Mensch-Maschine-Partnerschaften

Das Cologne Cobots Lab gestaltet soziotechnische Systeme im Sinne sozialer Innovation und forscht zur ganzheitlichen Zusammenarbeit von Mensch und technischem System. Der Fokus liegt hierbei auf dem optimalen Zusammenspiel zwischen den Fähigkeiten des Individuums und denen des technischen Systems.

Interview mit Prof.in Dr.in Anja Richert

In welcher Form findet kollaborative Robotik, die Zusammenarbeit von Mensch und KI, im Gesundheitsbereich bislang statt?
Kollaborative Robotik bezeichnet die gemeinsame Bearbeitung einer Aufgabe von Mensch und Roboter. Im Gesundheitsbereich kommt beispielsweise bereits heute der Roboter Pepper in Altenheimen insbesondere für Entertainment-Zwecke (Bsp. Memory spielen) oder für das Erfassen des Befindens von Bewohnern basierend auf einem Gespräch zum Einsatz.

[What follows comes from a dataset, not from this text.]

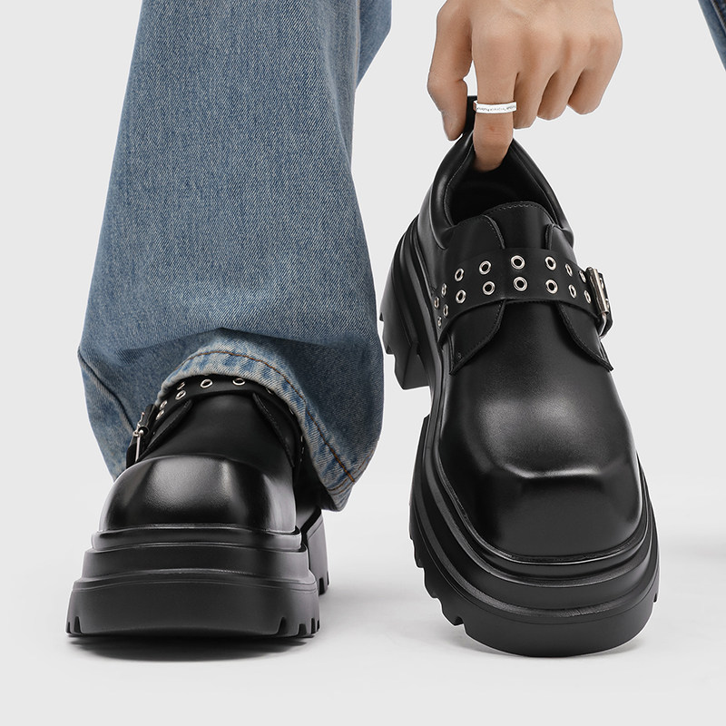 小众方头德比鞋男款真皮增高7cm松糕鞋高级感朋克大头厚底鞋潮

Im klinischen Kontext werden OP-Roboter eingesetzt, wobei diese noch mehr die Funktion eines Werkzeugs haben, welches vom Menschen bedient wird und weniger selbstständig Tätigkeiten ausführen. Zudem werden Roboter wie Pepper in Kliniken beispielsweise für die Durchführung von Narkosegesprächen eingesetzt. Künstliche Intelligenz wird stark in der bildgebenden Diagnostik verwendet (Bsp. Tumorerkennung im CT oder Erkennung von Hautkrebs).

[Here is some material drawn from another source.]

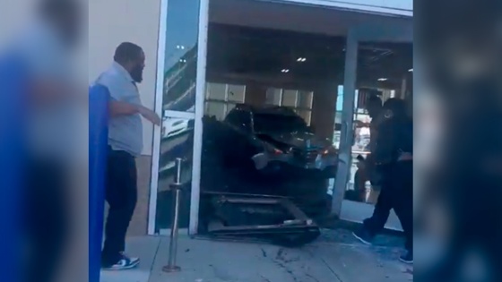 Сообщается, что разбитый внедорожник въехал в здание задним ходом, затем внутри развернулся и выехал с другой стороны здания. По данным представителей автосалона, водитель за рулем авто был их клиентом и перед инцидентом случился спор с сотрудниками салона.

Was können Maschinen in der Pflege leisten und wo sind dem Einsatz von Robotern dabei Grenzen gesetzt?
Maschinen können auf verschiedene Weisen in der Pflege zum Einsatz kommen. Es gibt beispielsweise Systeme, die älteren Menschen und Menschen mit Behinderung assistieren (assistive robots). Sie übernehmen Aufgaben wie Terminerinnerungen. Dann gibt es Roboter, die Tätigkeiten oder Körperfunktionen überwachen (monitoring robots) und Roboter, die als sozialer Kontakt dienen (robot companions) wie beispielsweise Pepper oder die Robbe Paro. Schließlich gibt es Roboter, die Pflege- und medizinisches Personal durch die Übernahme von Tätigkeiten wie das Erstellen von Trinkprotokollen oder das Desinfizieren von Flächen entlasten. Roboter können daher gezielt Aufgaben übernehmen, sind aber lange nicht so flexibel wie Pflegepersonal. Sie treffen zudem keine Entscheidungen, sondern nehmen eine unterstützende Rolle ein.

Sie arbeiten im Projekt MeRobot. Um was konkret geht es in dem Forschungsprojekt?
Das Projekt MeRobot erforscht die Mensch-Roboter-Interaktion in einem kollaborativen Montageszenario. Ziel ist die Realisierung eines Demonstrators zur adaptiven Mensch-Roboter-Kollaboration in hybriden Teams, d.h. Teams, die sich aus Menschen und Robotern zusammensetzten und gemeinsam eine Montageaufgabe erledigen. Der Mensch profitiert von diesem Setting, da das System über geeignete Sensorik den Zustand des Menschen (Aufmerksamkeit, Stress, Erkennung der Handlungsintention u.a., durch Eyetracking, Kameras, Herzfrequenzmesser) erkennt und der Roboter sein Verhalten dynamisch anpasst. Wir erhoffen uns dadurch eine situationsangemessene und bedarfsgerechte Unterstützung des Menschen, die Vermeidung kritischer Nutzerzustände, die Aufrechterhaltung der Leistungsfähigkeit des Menschen und schließlich die Steigerung der Akzeptanz zur Zusammenarbeit in hybriden Teams.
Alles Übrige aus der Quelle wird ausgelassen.